The culture of enjoying a bath is rich - from bathing in healing water in spas to more modern relaxation in a bubble bath with a glass of wine or a cup of tea and a book.

(Whether more water is used by showering or bathing in a bathtub, and which is cheaper and more environmentally friendly, depends on the duration of the shower. And while some believe that showering is more hygienic because the dirt is washed away immediately, others indicate that the difference is so small that taken into account at all.)

In the 1950s, British people got running water in their bathrooms, recalls Southerton.

A new invention soon arrived: a hose, attached to a faucet, with a shower.

Today, many houses are being built and dormitories are being renovated so that every room has its own bathroom.

"If there's only one shower in a family of five, there's less desire to shower," Southerton explains.

"But if you jump out of bed and walk into just your shower...".

The very availability of showers, which are installed to make it easier for us to maintain hygiene, means that we now shower more often.

The shower also took on a new meaning.

An advertising campaign during the 1900s gave new symbolism to our bathrooms.

The shower is marketed as a time-saving and revitalizing tool, says Southerton.

Around 1970, shower ads featured just simple tubs with showers, but by the 1980s, they featured women relaxing in a cloud of steam.

Showering has become a kind of leisure activity.

In addition, it helps us to change our everyday life.

During the day, people often do various things and change roles: sit at the desk in the office, go to tennis, be parents, go to dinner with friends.

Showering is an activity between those roles.

The shower cabin is a portal that transforms us from one personality to another.

"If we go back 100 years, we didn't shower every day, because a shower wasn't available to everyone," says Professor Kristen Gram-Hansen from the Department of Urban Planning at Aalborg University in Denmark.
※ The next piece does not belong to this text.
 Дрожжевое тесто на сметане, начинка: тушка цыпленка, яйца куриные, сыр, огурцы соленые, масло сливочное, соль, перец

"We don't shower for health reasons. We shower because it's normal."

That frequent showering is a rule of social behavior becomes apparent in certain settings, such as hiking or music festivals, she says.
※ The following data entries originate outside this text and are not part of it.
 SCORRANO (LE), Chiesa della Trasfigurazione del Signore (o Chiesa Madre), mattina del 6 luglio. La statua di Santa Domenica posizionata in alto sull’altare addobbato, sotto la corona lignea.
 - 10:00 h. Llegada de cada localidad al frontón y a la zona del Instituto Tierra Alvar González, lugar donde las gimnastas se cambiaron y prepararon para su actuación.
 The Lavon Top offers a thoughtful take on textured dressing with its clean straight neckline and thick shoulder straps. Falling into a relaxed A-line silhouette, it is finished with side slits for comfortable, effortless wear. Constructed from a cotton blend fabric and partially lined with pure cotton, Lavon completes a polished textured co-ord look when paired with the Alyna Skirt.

There are different rules and suddenly it's okay to shower less often.

Getty Images

What does the future hold? Will we all be avoiding the shower soon"?

It's unlikely.

Experts do not notice that people shower less often for environmental reasons.
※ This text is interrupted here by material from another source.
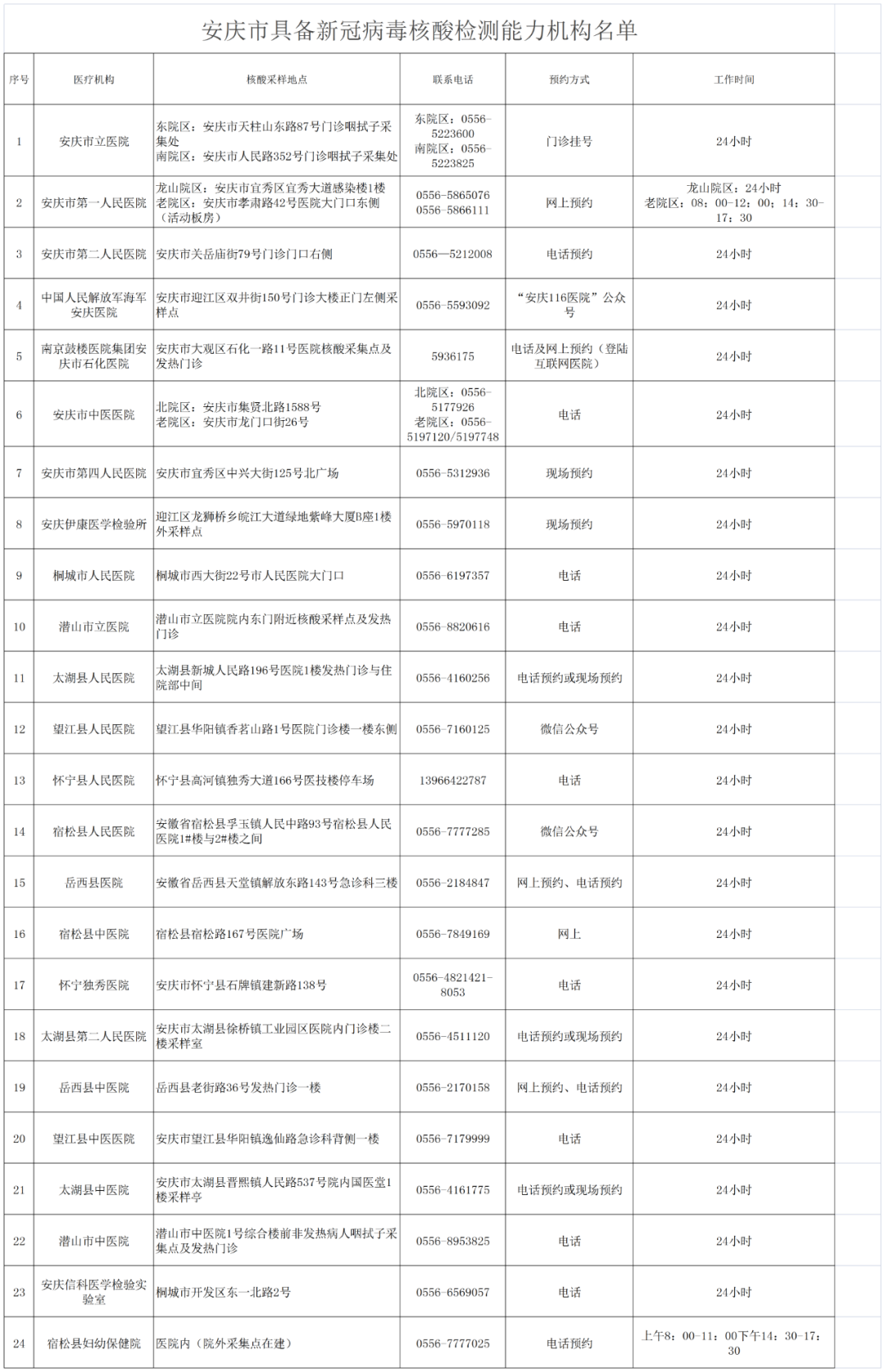 安慶市具備新冠病毒核酸檢測(cè)能力機(jī)構(gòu)名單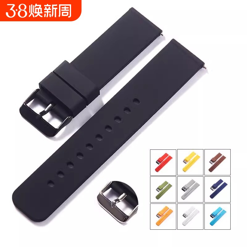 手表带适用三星/华为/Haylou/小米16/18/20/22mm通用平口硅胶表带

"This is not a case where something slowly grows and then we all say, 'Oh, that was a bad idea! Let's stop,'" says Southerton.

"You can't turn back time. Showering rules are now embedded in our society."

It seems that my habit of showering less often will still bother some.

I agree with McCarthy.

"I think showering often is a kind of performance," he says.

"Why do we wash? Mainly because we're afraid someone else will tell us we stink...

"I faced that fear and here I am alive".